----- Input records -----

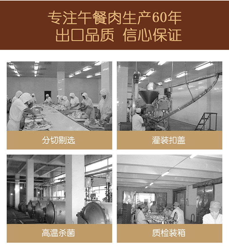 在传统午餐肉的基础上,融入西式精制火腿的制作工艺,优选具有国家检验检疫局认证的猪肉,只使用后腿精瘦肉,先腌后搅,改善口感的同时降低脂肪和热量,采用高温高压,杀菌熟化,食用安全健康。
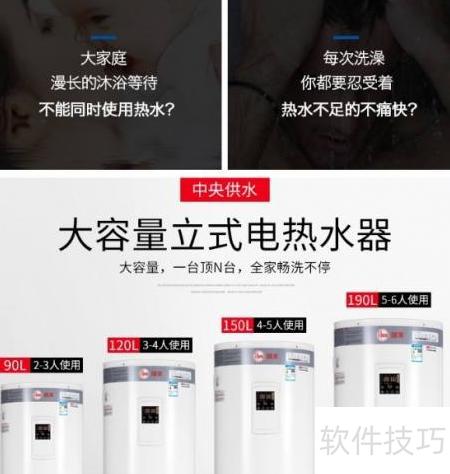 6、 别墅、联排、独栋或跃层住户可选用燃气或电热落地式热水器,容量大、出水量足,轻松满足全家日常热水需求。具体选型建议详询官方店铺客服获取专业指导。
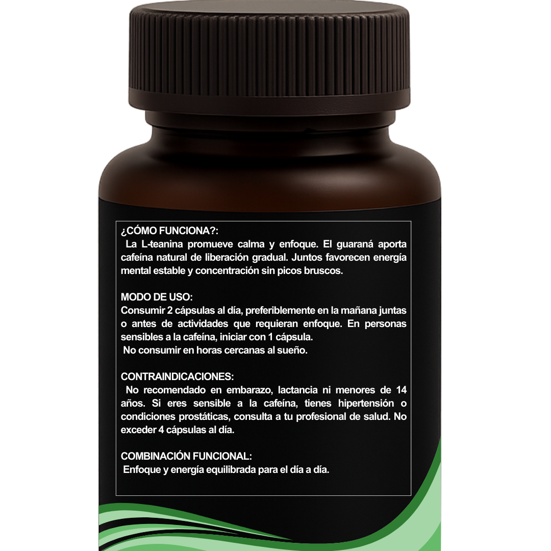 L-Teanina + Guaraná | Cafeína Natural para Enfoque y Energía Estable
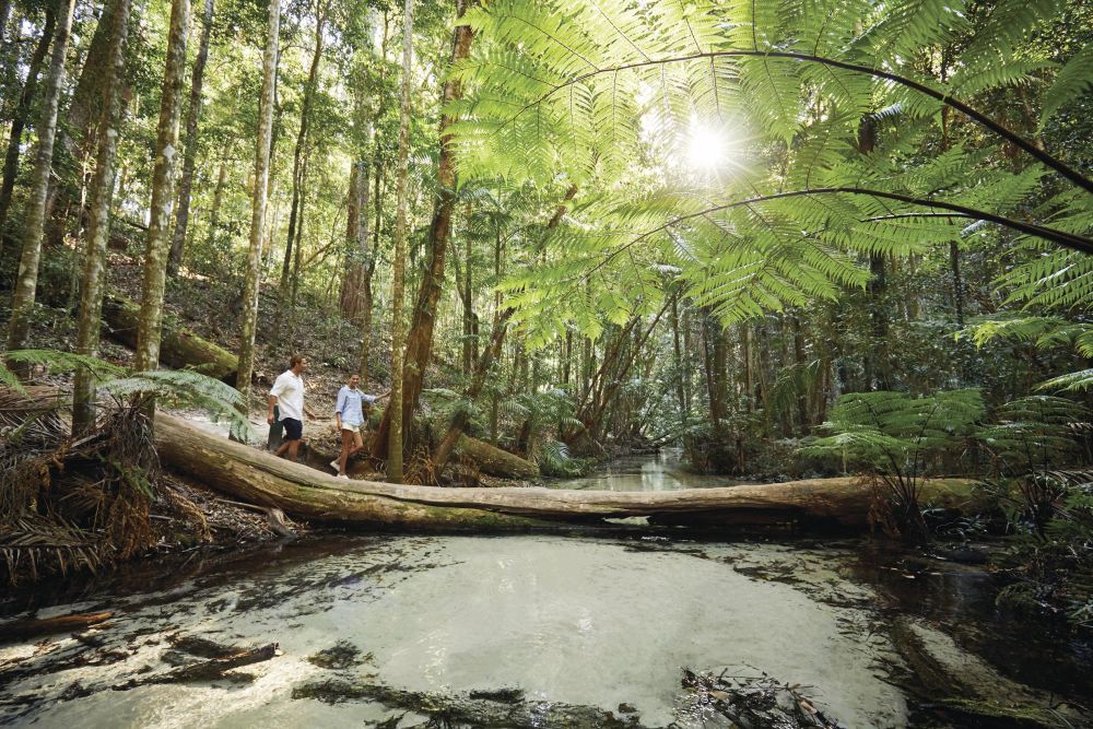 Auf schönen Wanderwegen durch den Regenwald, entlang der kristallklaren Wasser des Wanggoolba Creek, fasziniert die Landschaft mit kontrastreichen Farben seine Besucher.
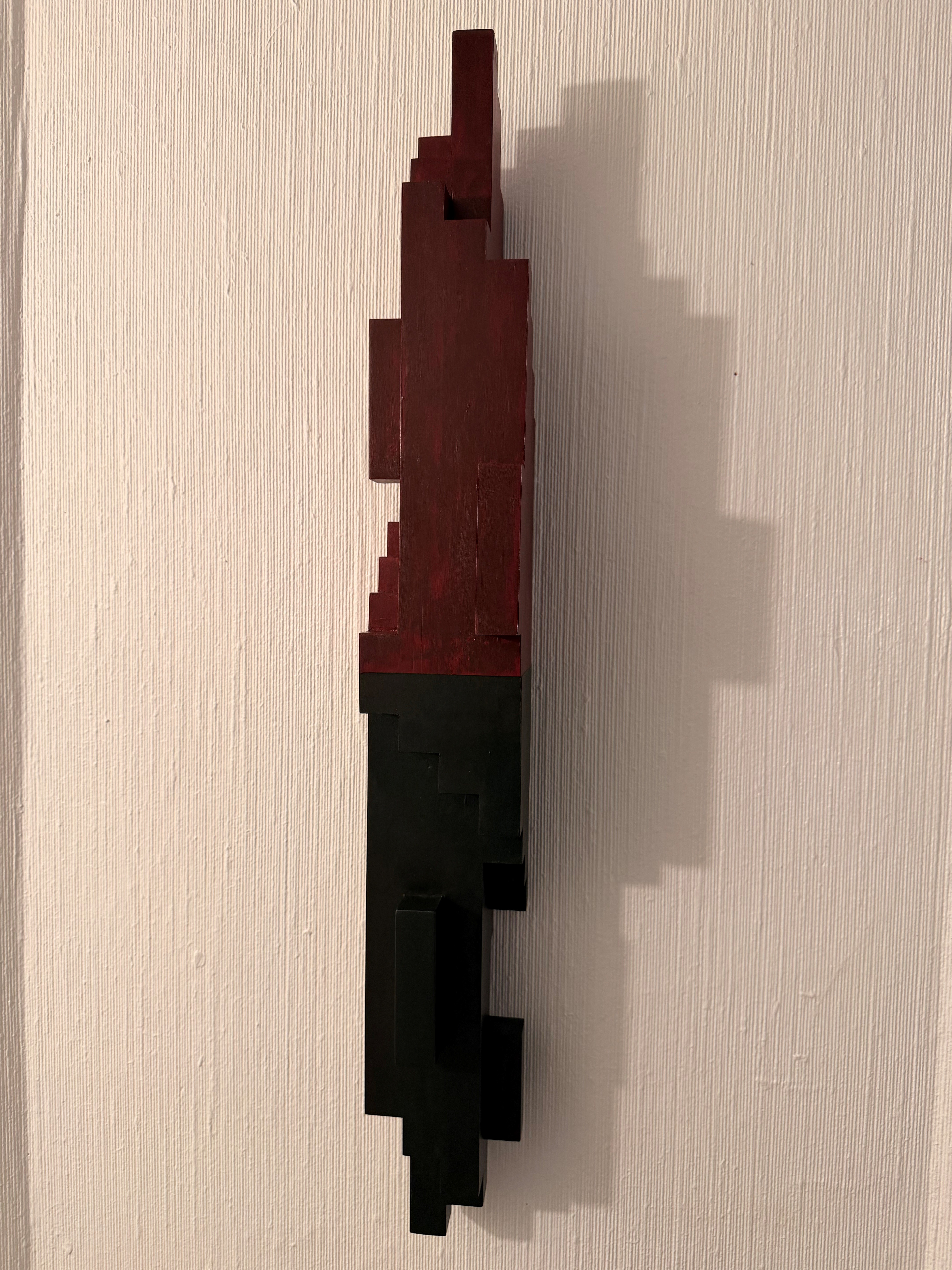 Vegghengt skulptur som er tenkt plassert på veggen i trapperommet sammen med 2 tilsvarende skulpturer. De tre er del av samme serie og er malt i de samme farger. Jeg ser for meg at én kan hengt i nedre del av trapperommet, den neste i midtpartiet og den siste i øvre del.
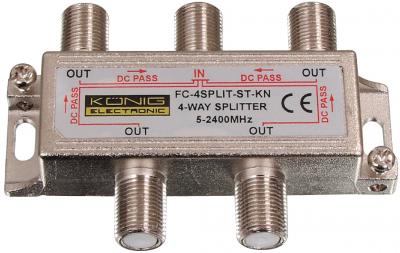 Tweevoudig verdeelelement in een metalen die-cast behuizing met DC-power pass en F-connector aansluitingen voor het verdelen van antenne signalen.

-----

[Problem to solve]
All that is wanted is the lines above between the one containing "Auf schönen Wanderwegen" and the one containing "Vegghengt skulptur som", inclusive, restated word for word, with pictures omitted.

[Expected output]
 Auf schönen Wanderwegen durch den Regenwald, entlang der kristallklaren Wasser des Wanggoolba Creek, fasziniert die Landschaft mit kontrastreichen Farben seine Besucher.
 Vegghengt skulptur som er tenkt plassert på veggen i trapperommet sammen med 2 tilsvarende skulpturer. De tre er del av samme serie og er malt i de samme farger. Jeg ser for meg at én kan hengt i nedre del av trapperommet, den neste i midtpartiet og den siste i øvre del.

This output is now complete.